Although the focus of research into the determinants of health has shifted, it is not easy to define lifestyle both comprehensively and empirically. The World Health Organisation (1986) considered a number of meanings, and adopted a broad definition; ‘… the term ‘lifestyle’ is taken to mean a general way of living based on the interplay between living conditions in the wide sense and individual patterns of behaviour as determined by sociocultural factors and personal characteristics’. In this paper, we adopt a narrower (and operationalisable) definition of lifestyle which focuses on health related behaviour and accords with the epidemiological literature on the determinants of health (e.g. Lynch et al., 1996, Lynch et al., 1997, Marmot et al., 1997). We define a lifestyle as a set of behaviours which are considered to influence health and are generally considered to involve a considerable amount of free choice. In using this definition, there is no implication that other characteristics of an individual’s environment, both natural and social, are inconsequential. We adopt an economic approach which recognises that individuals are making decisions that reflect the constraints of their circumstances, as well as their preferences. We develop a static model to identify interactions between health related behaviour and self-assessed health (SAH) status, given other factors that are observable, such as socio-economic status, and unobservable heterogeneity.
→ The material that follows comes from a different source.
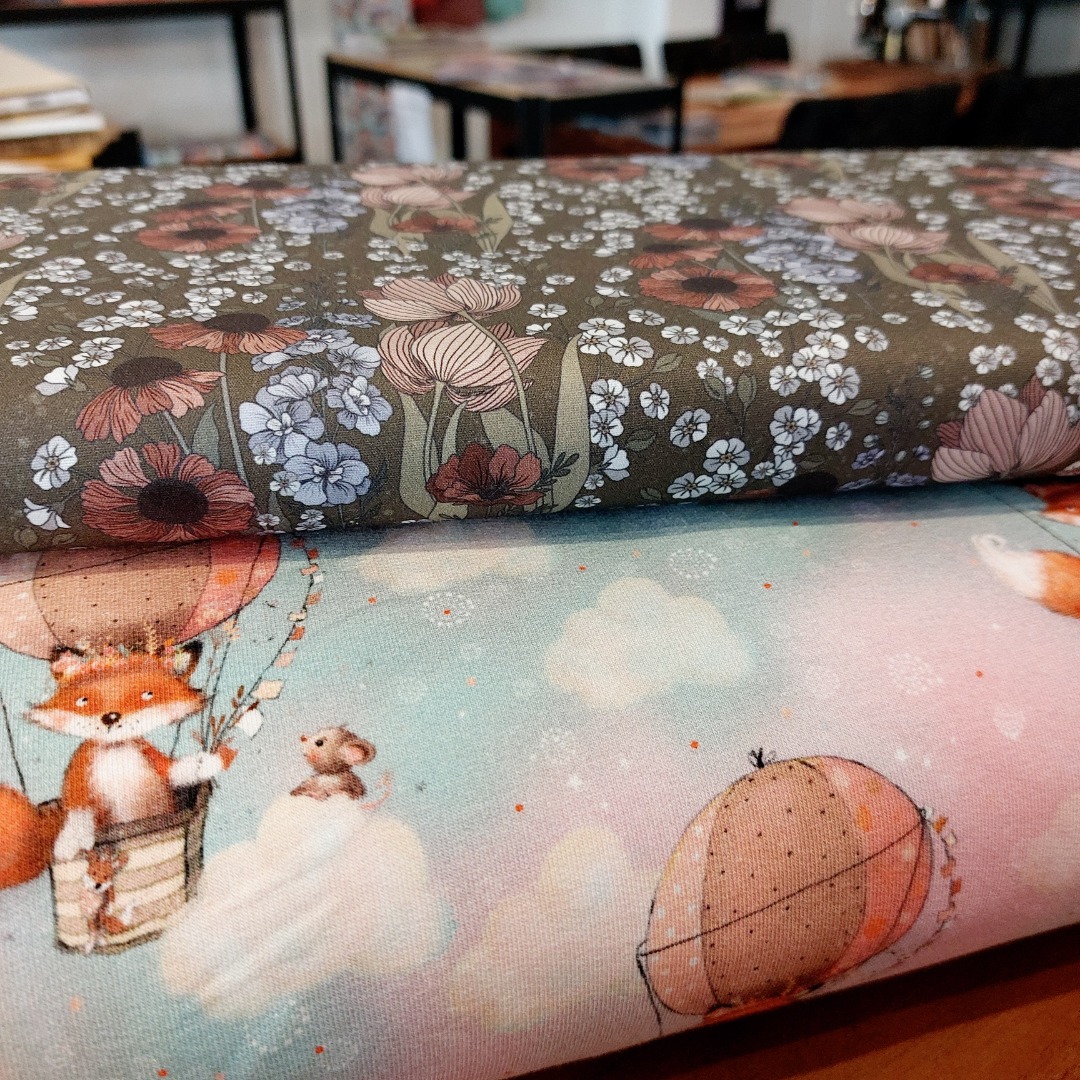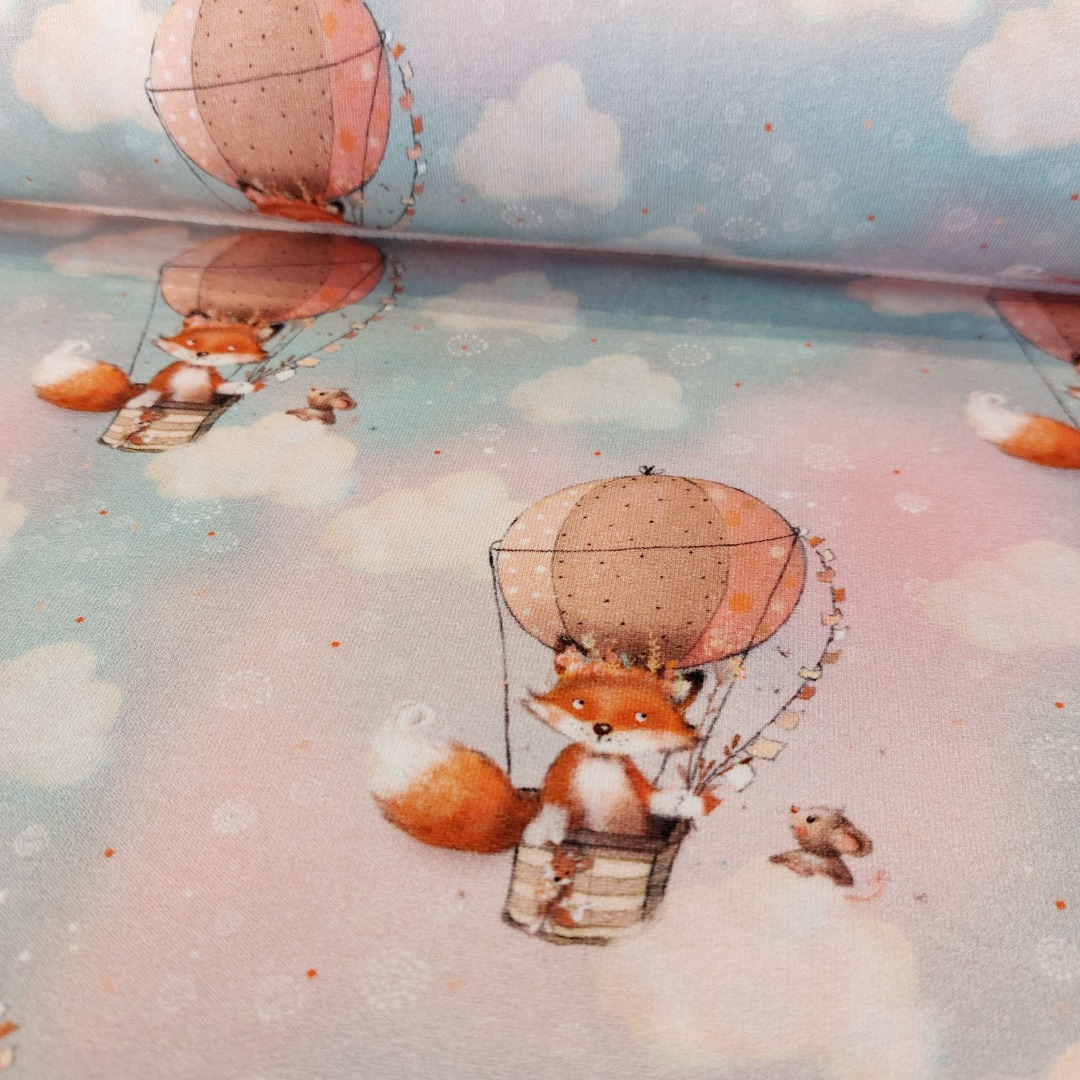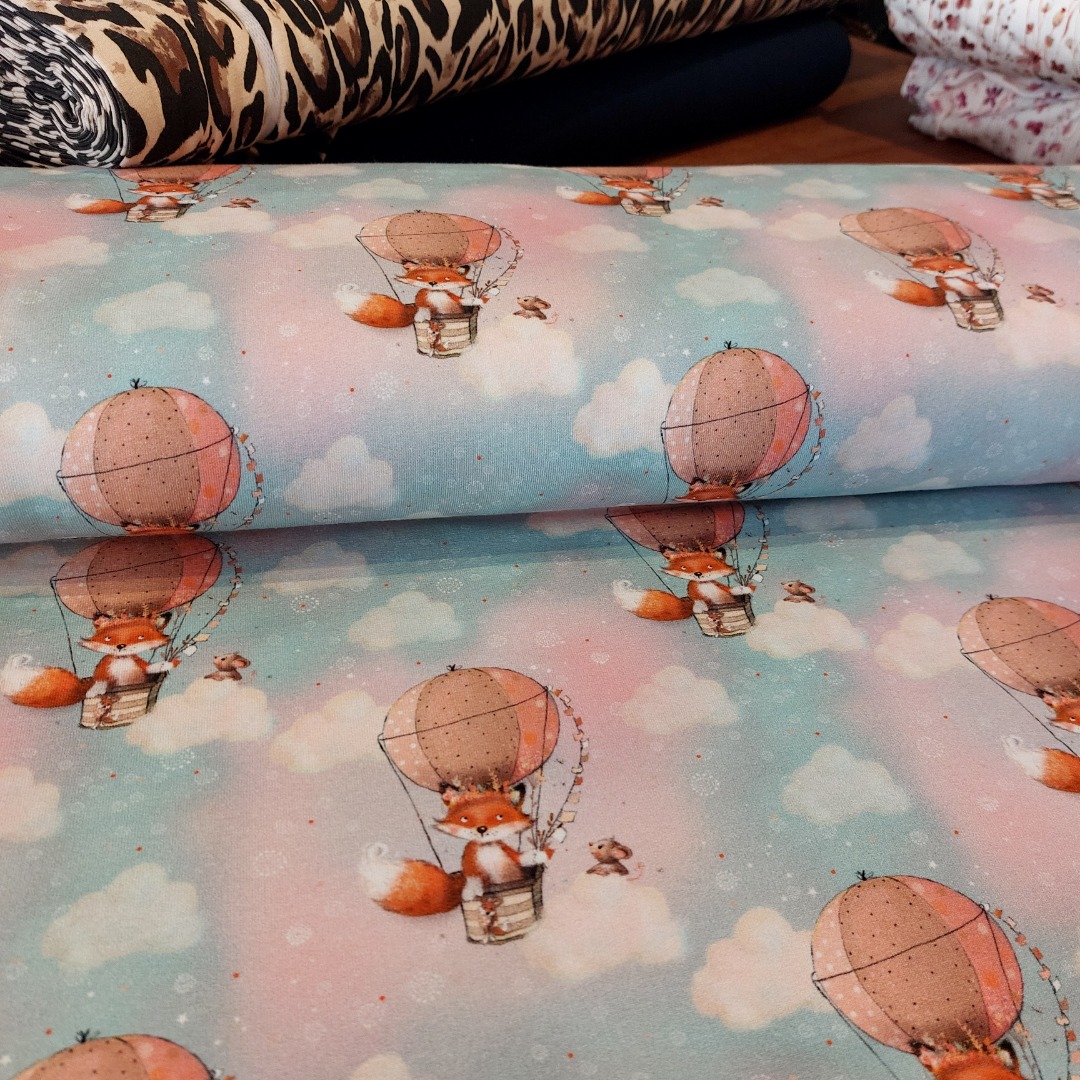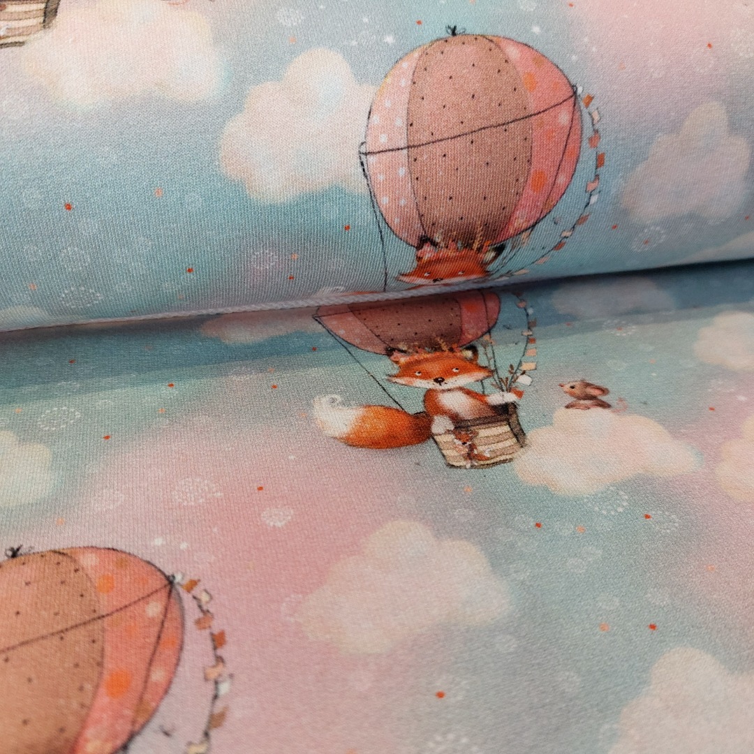 Een mooie kwaliteit french terry met een vosje in een luchtballon en een muisje op een wolkje

Descriptive analysis of our data suggests a number of interesting features. Firstly, using the baseline assumption that lifestyle choices are independent and that all individuals have the same probabilities of each lifestyle choice, we can compare the expected number of individuals behaving completely ‘healthily’ relative to the observed number. The expected value is around 2/3 the number of observed values. This suggests that health-related behaviours are not randomly distributed, but rather that healthy behaviours cluster together in certain individuals. This clustering may be due to observed or unobserved factors. Secondly, average self-assessed health increases as the number of healthy behaviours increases. Thirdly, some of the variation in lifestyle choices appears to be related to observed characteristics of individuals. For example, the proportions of individuals in higher social groups gradually increase as we move from completely unhealthy to completely healthy lifestyles. Conversely, the proportions in lower social class groups gradually decrease. However, while these observations are indicative, they are correlations only; the assessment of causality requires the use of appropriate econometric techniques.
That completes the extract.